- PROBLEM
In the records below, find the line holding "PDH - Proposition" and the line holding "Hieronder een foto". Set down both, with every line between them, exactly.

- AVAILABLE DATA
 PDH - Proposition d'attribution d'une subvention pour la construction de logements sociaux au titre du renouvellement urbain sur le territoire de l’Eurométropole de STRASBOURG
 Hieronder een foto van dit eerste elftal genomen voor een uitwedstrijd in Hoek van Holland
---
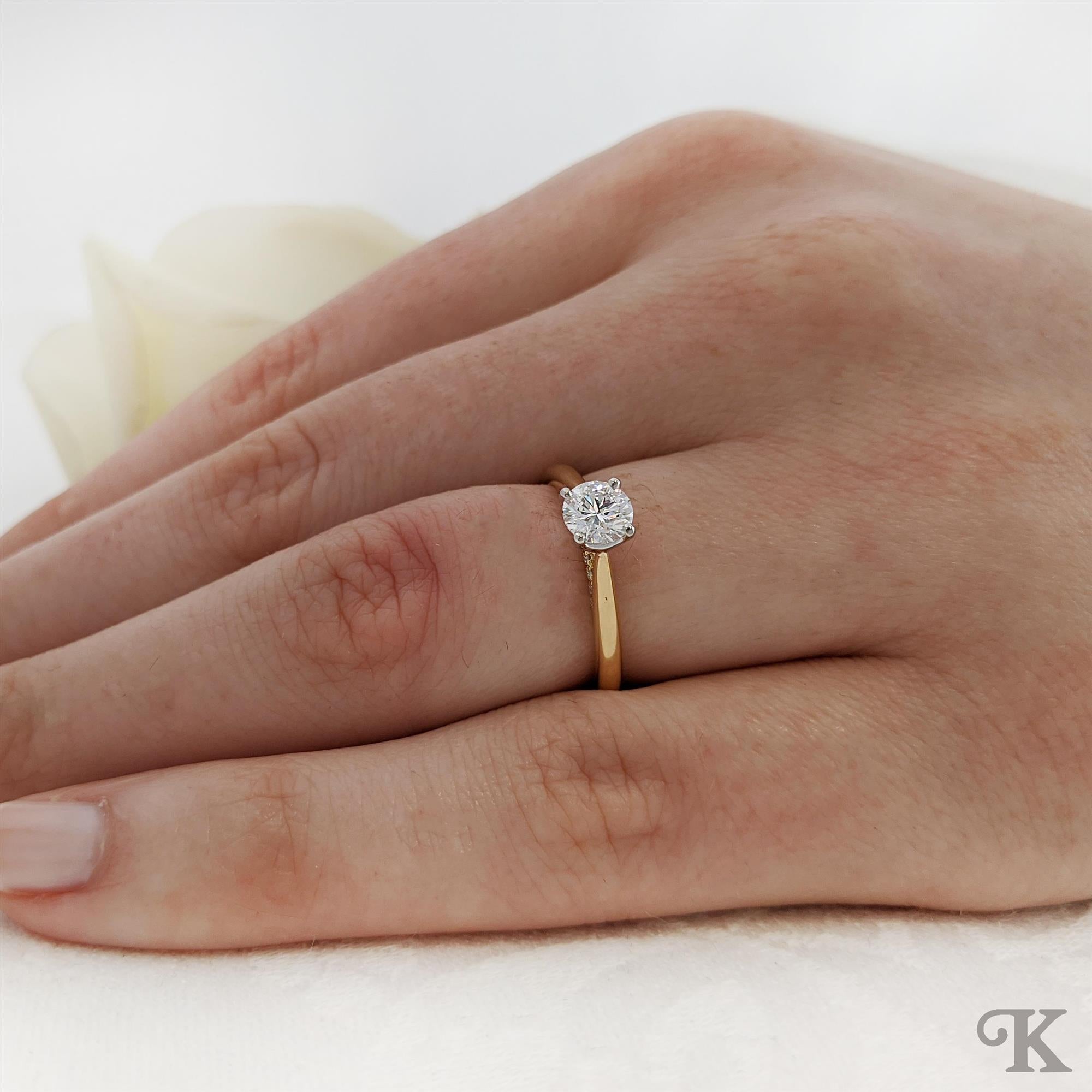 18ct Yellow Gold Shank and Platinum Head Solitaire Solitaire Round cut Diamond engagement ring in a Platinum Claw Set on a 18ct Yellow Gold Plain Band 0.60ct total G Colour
* * *
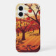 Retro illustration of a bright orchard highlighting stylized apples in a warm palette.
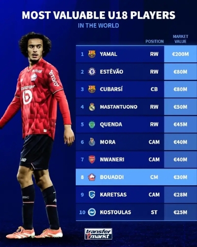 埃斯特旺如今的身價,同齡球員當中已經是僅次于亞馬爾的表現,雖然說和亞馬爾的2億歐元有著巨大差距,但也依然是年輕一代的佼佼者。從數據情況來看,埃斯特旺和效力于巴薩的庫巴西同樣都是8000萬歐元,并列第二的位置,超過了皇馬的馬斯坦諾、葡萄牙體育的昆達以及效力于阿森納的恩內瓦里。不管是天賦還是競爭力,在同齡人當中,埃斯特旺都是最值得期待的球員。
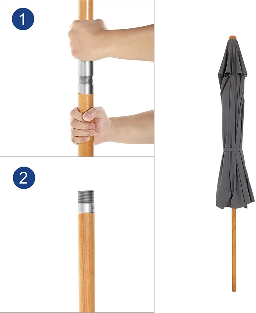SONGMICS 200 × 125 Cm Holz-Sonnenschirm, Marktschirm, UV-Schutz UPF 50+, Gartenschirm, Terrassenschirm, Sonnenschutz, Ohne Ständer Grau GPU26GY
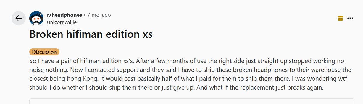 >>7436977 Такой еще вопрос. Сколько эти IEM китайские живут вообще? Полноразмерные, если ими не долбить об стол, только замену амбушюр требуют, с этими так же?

- PROBLEM SOLUTION
 PDH - Proposition d'attribution d'une subvention pour la construction de logements sociaux au titre du renouvellement urbain sur le territoire de l’Eurométropole de STRASBOURG
 Hieronder een foto van dit eerste elftal genomen voor een uitwedstrijd in Hoek van Holland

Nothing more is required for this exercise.